■ **WHAT THE EXERCISE ASKS**
Look through the data below for the line with "Lättanvänd, självhäftande inforam" and the line with "Stunning downtown, mountain, and", then transcribe exactly from the first through the second, leaving out all pictures.

■ **DATA FOR THIS TASK**
•••
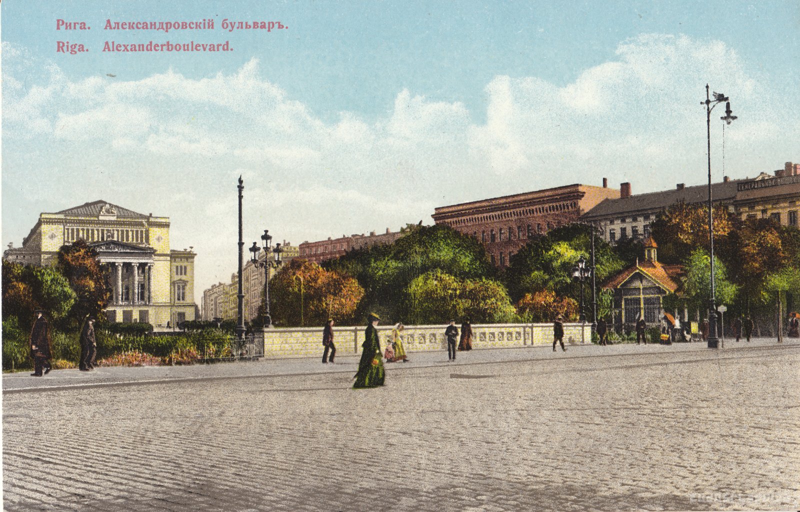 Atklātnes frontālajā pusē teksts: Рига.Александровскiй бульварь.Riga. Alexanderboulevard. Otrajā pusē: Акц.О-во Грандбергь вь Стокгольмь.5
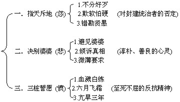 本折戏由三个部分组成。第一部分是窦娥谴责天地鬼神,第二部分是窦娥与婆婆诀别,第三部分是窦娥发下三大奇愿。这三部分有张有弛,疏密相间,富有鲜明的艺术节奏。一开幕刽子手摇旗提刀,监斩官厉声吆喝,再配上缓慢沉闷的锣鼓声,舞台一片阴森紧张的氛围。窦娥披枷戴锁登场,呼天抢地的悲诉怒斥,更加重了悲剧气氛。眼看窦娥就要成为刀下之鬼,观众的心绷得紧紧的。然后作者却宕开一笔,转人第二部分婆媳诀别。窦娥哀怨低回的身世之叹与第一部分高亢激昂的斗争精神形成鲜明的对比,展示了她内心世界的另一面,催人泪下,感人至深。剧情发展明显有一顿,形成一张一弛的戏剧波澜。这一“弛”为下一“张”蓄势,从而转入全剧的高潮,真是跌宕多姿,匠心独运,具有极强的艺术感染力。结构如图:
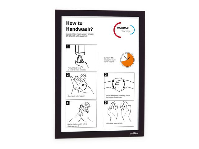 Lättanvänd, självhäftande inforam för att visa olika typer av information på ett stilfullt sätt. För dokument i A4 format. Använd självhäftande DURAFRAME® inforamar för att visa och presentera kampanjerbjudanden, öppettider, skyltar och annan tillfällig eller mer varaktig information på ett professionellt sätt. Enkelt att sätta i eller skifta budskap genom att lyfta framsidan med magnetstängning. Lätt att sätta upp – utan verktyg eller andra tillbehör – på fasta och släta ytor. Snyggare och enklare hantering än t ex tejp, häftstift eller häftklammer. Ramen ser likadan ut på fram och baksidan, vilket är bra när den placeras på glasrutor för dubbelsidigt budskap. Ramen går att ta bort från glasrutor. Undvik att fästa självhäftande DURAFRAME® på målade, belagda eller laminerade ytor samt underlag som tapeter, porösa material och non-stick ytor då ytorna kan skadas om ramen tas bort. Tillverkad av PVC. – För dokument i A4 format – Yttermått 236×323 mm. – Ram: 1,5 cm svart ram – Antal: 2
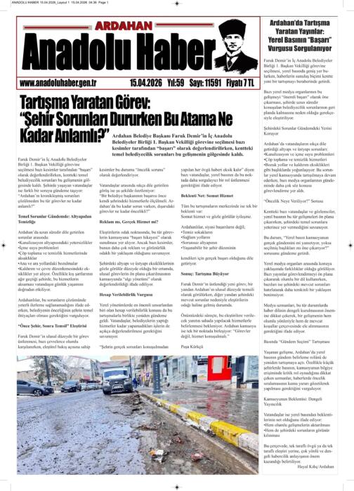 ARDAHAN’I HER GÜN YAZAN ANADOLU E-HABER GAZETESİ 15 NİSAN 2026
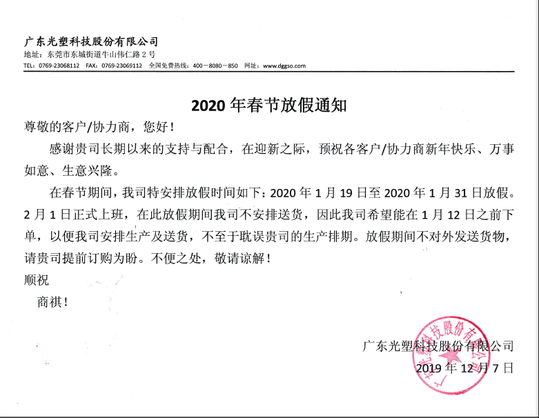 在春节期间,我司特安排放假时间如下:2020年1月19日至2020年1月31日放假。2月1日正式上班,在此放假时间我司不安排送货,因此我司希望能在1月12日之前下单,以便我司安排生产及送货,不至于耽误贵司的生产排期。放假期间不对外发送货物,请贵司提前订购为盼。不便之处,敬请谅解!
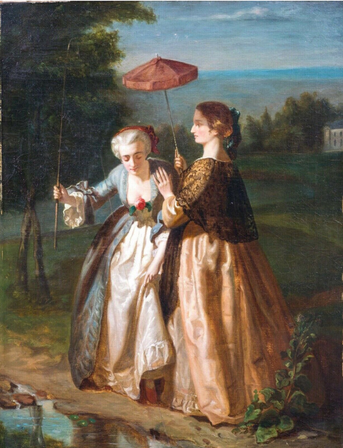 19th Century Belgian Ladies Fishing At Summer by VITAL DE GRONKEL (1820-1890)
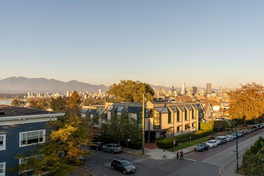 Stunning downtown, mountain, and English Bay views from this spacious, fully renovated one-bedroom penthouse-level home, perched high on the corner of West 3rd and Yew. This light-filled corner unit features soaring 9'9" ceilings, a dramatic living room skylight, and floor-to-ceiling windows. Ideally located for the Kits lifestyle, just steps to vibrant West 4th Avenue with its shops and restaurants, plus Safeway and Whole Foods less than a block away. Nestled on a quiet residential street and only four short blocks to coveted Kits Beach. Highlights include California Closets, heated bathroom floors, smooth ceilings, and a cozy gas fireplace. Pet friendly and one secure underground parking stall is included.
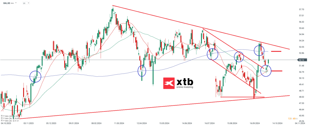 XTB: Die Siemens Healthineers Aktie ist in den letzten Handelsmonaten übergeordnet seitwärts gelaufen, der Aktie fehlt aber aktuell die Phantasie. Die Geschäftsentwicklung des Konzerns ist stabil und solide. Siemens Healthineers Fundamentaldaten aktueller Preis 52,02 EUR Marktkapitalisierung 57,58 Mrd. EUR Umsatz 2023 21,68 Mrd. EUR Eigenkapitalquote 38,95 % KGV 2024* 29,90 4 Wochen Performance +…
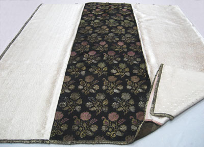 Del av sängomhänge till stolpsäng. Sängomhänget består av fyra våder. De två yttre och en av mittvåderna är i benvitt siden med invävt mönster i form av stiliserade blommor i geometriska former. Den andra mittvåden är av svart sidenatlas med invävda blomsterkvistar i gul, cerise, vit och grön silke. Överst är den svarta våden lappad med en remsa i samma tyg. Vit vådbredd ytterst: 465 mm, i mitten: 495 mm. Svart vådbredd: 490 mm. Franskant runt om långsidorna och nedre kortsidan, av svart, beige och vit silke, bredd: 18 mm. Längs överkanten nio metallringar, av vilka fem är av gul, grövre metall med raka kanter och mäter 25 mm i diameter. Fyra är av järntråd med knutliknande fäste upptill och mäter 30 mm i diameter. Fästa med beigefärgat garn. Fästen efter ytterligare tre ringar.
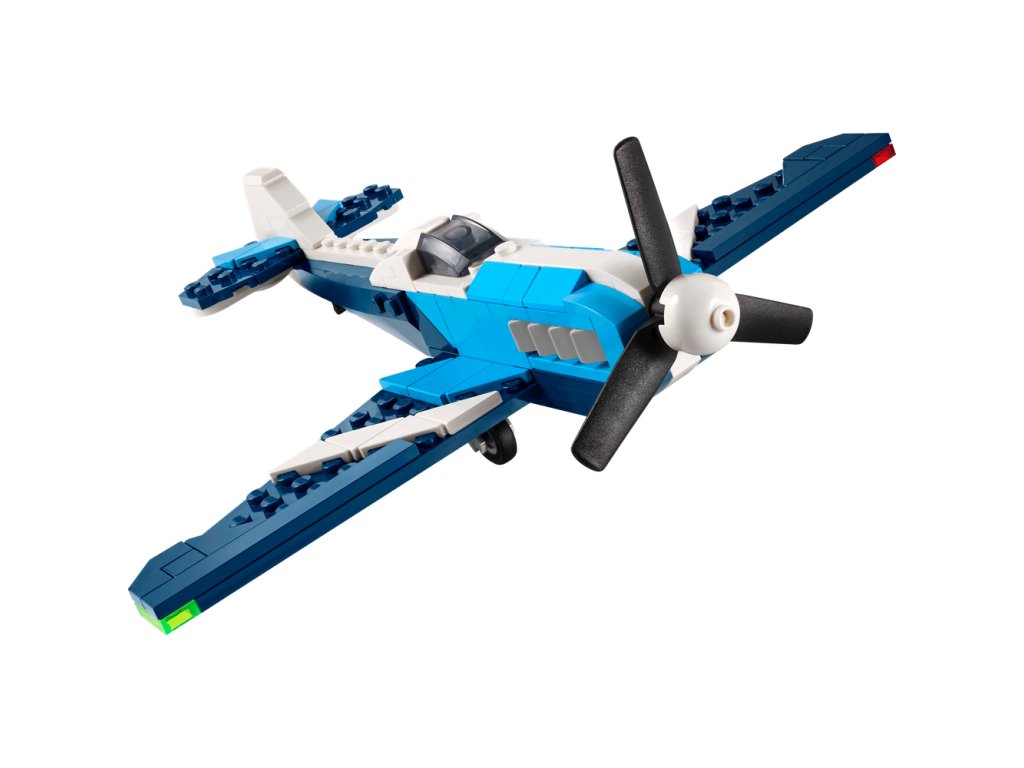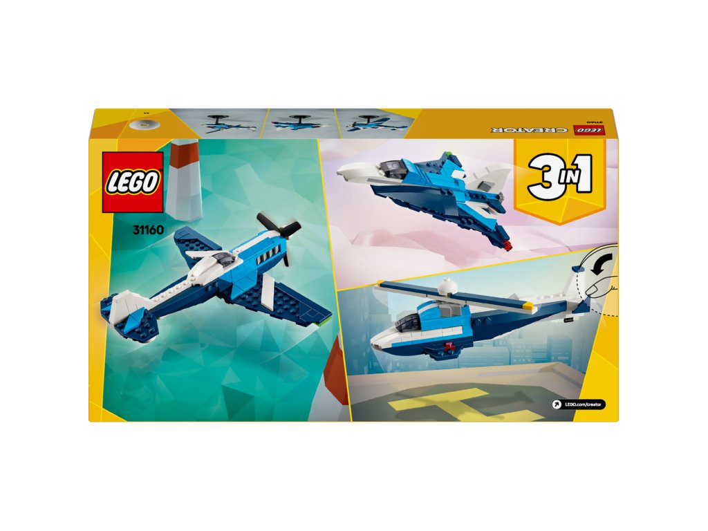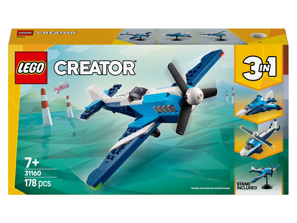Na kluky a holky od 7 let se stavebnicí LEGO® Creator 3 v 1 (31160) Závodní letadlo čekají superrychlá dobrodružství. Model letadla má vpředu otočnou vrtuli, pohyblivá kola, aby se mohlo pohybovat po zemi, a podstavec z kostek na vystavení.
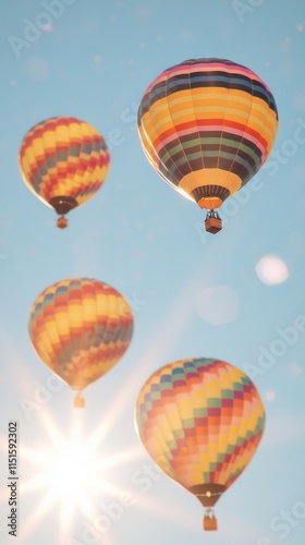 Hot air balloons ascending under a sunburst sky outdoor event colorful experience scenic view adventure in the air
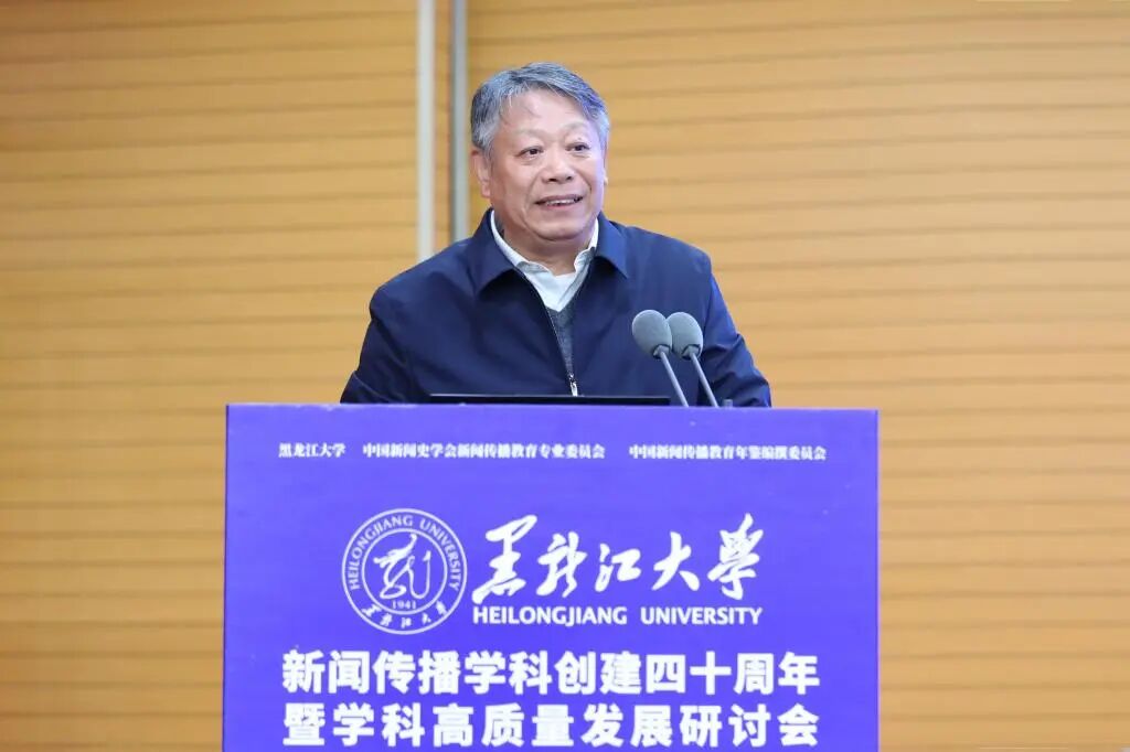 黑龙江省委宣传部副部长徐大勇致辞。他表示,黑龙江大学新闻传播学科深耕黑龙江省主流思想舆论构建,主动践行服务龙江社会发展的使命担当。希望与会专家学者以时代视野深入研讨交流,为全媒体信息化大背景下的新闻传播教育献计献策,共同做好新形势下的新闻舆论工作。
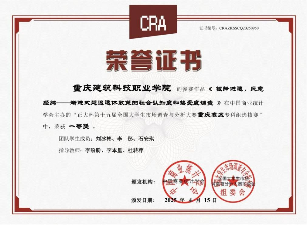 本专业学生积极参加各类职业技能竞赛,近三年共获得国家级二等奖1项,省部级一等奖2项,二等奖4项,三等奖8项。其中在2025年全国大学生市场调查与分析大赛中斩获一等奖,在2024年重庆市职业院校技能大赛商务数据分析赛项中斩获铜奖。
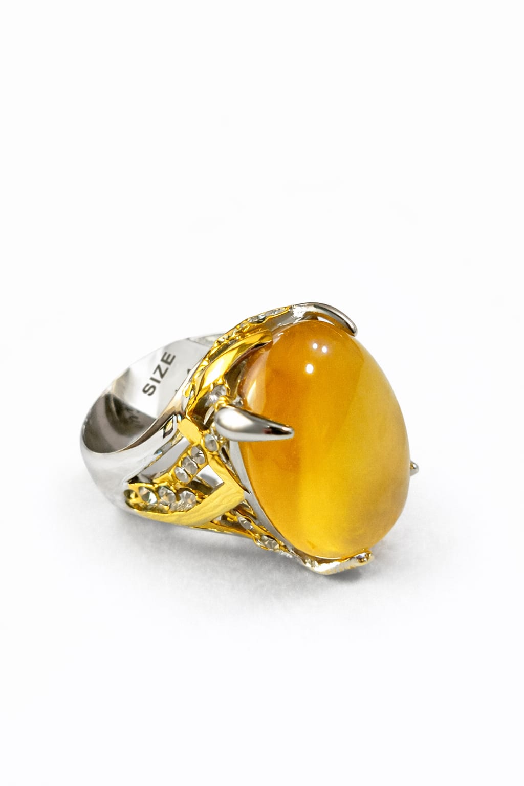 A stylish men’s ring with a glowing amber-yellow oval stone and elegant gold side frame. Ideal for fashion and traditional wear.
•••
■ **RESPONSE TO THIS EXERCISE**
 Lättanvänd, självhäftande inforam för att visa olika typer av information på ett stilfullt sätt. För dokument i A4 format. Använd självhäftande DURAFRAME® inforamar för att visa och presentera kampanjerbjudanden, öppettider, skyltar och annan tillfällig eller mer varaktig information på ett professionellt sätt. Enkelt att sätta i eller skifta budskap genom att lyfta framsidan med magnetstängning. Lätt att sätta upp – utan verktyg eller andra tillbehör – på fasta och släta ytor. Snyggare och enklare hantering än t ex tejp, häftstift eller häftklammer. Ramen ser likadan ut på fram och baksidan, vilket är bra när den placeras på glasrutor för dubbelsidigt budskap. Ramen går att ta bort från glasrutor. Undvik att fästa självhäftande DURAFRAME® på målade, belagda eller laminerade ytor samt underlag som tapeter, porösa material och non-stick ytor då ytorna kan skadas om ramen tas bort. Tillverkad av PVC. – För dokument i A4 format – Yttermått 236×323 mm. – Ram: 1,5 cm svart ram – Antal: 2
 ARDAHAN’I HER GÜN YAZAN ANADOLU E-HABER GAZETESİ 15 NİSAN 2026
 在春节期间,我司特安排放假时间如下:2020年1月19日至2020年1月31日放假。2月1日正式上班,在此放假时间我司不安排送货,因此我司希望能在1月12日之前下单,以便我司安排生产及送货,不至于耽误贵司的生产排期。放假期间不对外发送货物,请贵司提前订购为盼。不便之处,敬请谅解!
 19th Century Belgian Ladies Fishing At Summer by VITAL DE GRONKEL (1820-1890)
 Stunning downtown, mountain, and English Bay views from this spacious, fully renovated one-bedroom penthouse-level home, perched high on the corner of West 3rd and Yew. This light-filled corner unit features soaring 9'9" ceilings, a dramatic living room skylight, and floor-to-ceiling windows. Ideally located for the Kits lifestyle, just steps to vibrant West 4th Avenue with its shops and restaurants, plus Safeway and Whole Foods less than a block away. Nestled on a quiet residential street and only four short blocks to coveted Kits Beach. Highlights include California Closets, heated bathroom floors, smooth ceilings, and a cozy gas fireplace. Pet friendly and one secure underground parking stall is included.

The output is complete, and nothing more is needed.